After finding the line containing "Chemise saharienne, manches" below, please output that line and each following one through the line containing "Antique Victorian /", exactly as written.
══ DATA TO EXAMINE ══
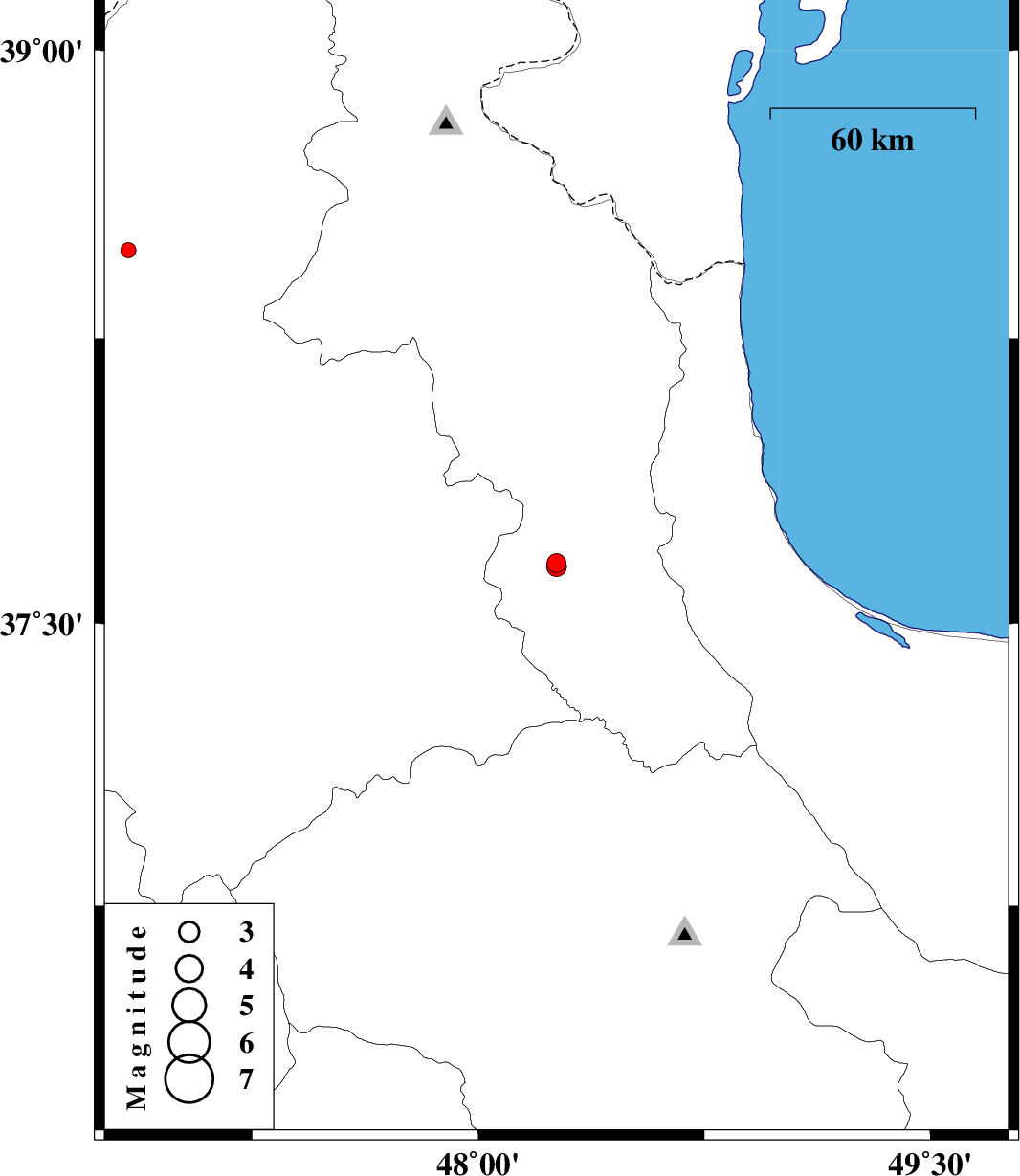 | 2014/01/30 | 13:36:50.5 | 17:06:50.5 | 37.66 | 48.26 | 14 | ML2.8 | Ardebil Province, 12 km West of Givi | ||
═══
══ DATA TO EXAMINE ══
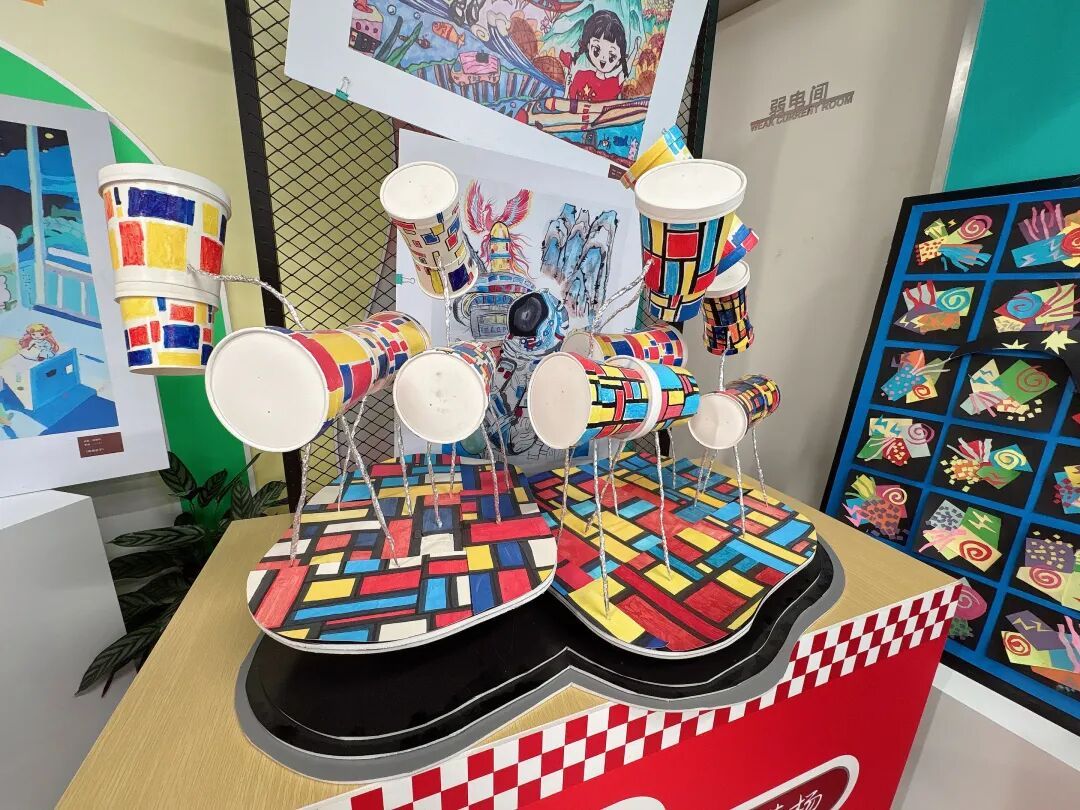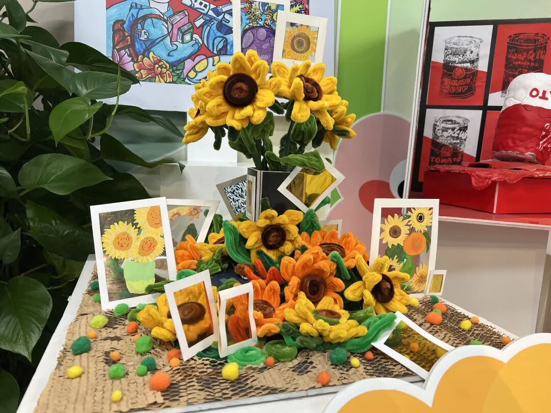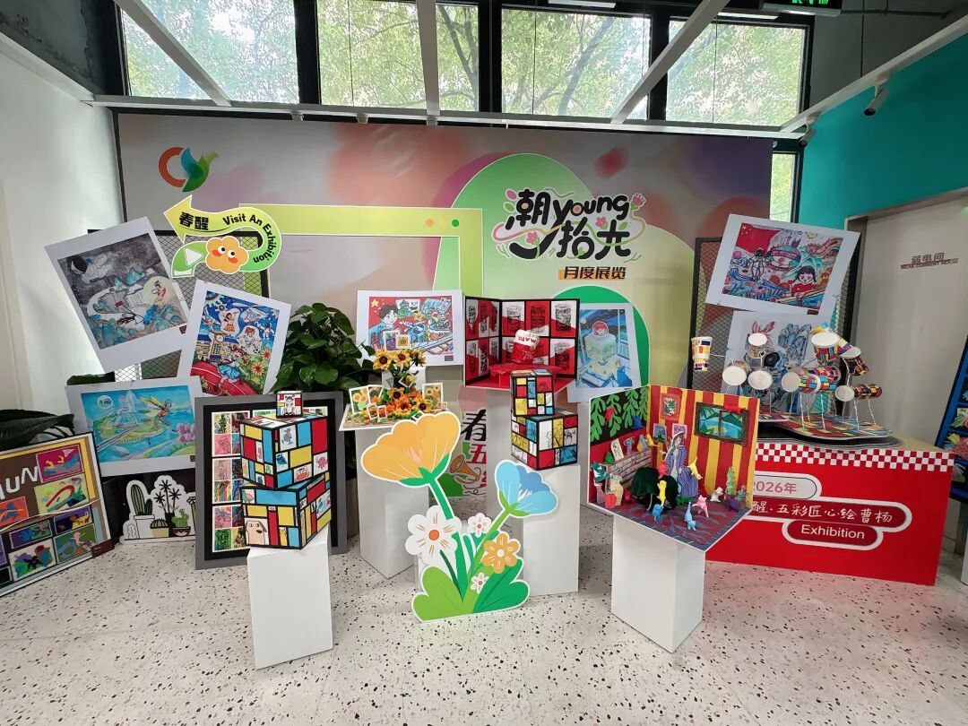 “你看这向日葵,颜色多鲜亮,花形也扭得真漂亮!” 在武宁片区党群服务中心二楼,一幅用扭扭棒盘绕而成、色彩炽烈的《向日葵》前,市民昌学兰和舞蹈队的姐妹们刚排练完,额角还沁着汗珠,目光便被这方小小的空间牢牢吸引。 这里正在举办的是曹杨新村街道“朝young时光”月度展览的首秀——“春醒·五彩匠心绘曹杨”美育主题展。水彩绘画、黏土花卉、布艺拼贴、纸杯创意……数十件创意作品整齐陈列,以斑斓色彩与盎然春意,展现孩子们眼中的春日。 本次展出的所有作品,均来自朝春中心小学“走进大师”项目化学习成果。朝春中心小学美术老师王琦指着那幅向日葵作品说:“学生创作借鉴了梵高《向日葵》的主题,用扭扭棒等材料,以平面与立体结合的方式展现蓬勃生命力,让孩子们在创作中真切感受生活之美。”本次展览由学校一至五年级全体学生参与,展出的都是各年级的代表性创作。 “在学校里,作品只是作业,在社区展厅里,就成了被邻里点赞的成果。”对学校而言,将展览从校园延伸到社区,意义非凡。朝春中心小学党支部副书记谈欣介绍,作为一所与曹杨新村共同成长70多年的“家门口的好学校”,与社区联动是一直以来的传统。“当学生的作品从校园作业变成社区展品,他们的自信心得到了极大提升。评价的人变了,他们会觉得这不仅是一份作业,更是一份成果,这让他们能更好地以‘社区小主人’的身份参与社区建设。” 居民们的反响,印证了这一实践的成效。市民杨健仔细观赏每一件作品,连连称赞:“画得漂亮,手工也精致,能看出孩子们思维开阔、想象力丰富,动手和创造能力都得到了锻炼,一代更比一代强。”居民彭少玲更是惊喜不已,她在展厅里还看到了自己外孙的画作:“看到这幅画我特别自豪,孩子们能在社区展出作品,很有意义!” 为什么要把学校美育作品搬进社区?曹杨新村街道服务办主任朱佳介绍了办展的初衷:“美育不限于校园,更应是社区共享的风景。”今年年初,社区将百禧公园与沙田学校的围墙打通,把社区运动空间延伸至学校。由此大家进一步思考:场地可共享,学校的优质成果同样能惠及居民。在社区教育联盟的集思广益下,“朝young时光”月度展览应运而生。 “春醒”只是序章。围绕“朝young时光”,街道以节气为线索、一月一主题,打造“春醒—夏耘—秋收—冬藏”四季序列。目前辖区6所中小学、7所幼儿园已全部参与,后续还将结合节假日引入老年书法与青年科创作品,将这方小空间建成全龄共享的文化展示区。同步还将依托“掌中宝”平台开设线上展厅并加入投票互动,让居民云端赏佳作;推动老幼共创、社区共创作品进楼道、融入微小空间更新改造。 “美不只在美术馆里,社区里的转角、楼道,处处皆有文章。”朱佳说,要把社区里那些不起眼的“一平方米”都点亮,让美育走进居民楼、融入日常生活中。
═══
══ DATA TO EXAMINE ══
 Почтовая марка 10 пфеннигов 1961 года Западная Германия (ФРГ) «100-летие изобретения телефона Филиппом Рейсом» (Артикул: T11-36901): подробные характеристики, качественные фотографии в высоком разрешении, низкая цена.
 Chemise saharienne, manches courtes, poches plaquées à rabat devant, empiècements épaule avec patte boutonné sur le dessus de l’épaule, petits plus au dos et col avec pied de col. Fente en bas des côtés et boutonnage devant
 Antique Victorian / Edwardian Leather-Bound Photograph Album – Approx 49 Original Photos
═══
- [EXERCISE ANSWER]
 Chemise saharienne, manches courtes, poches plaquées à rabat devant, empiècements épaule avec patte boutonné sur le dessus de l’épaule, petits plus au dos et col avec pied de col. Fente en bas des côtés et boutonnage devant
 Antique Victorian / Edwardian Leather-Bound Photograph Album – Approx 49 Original Photos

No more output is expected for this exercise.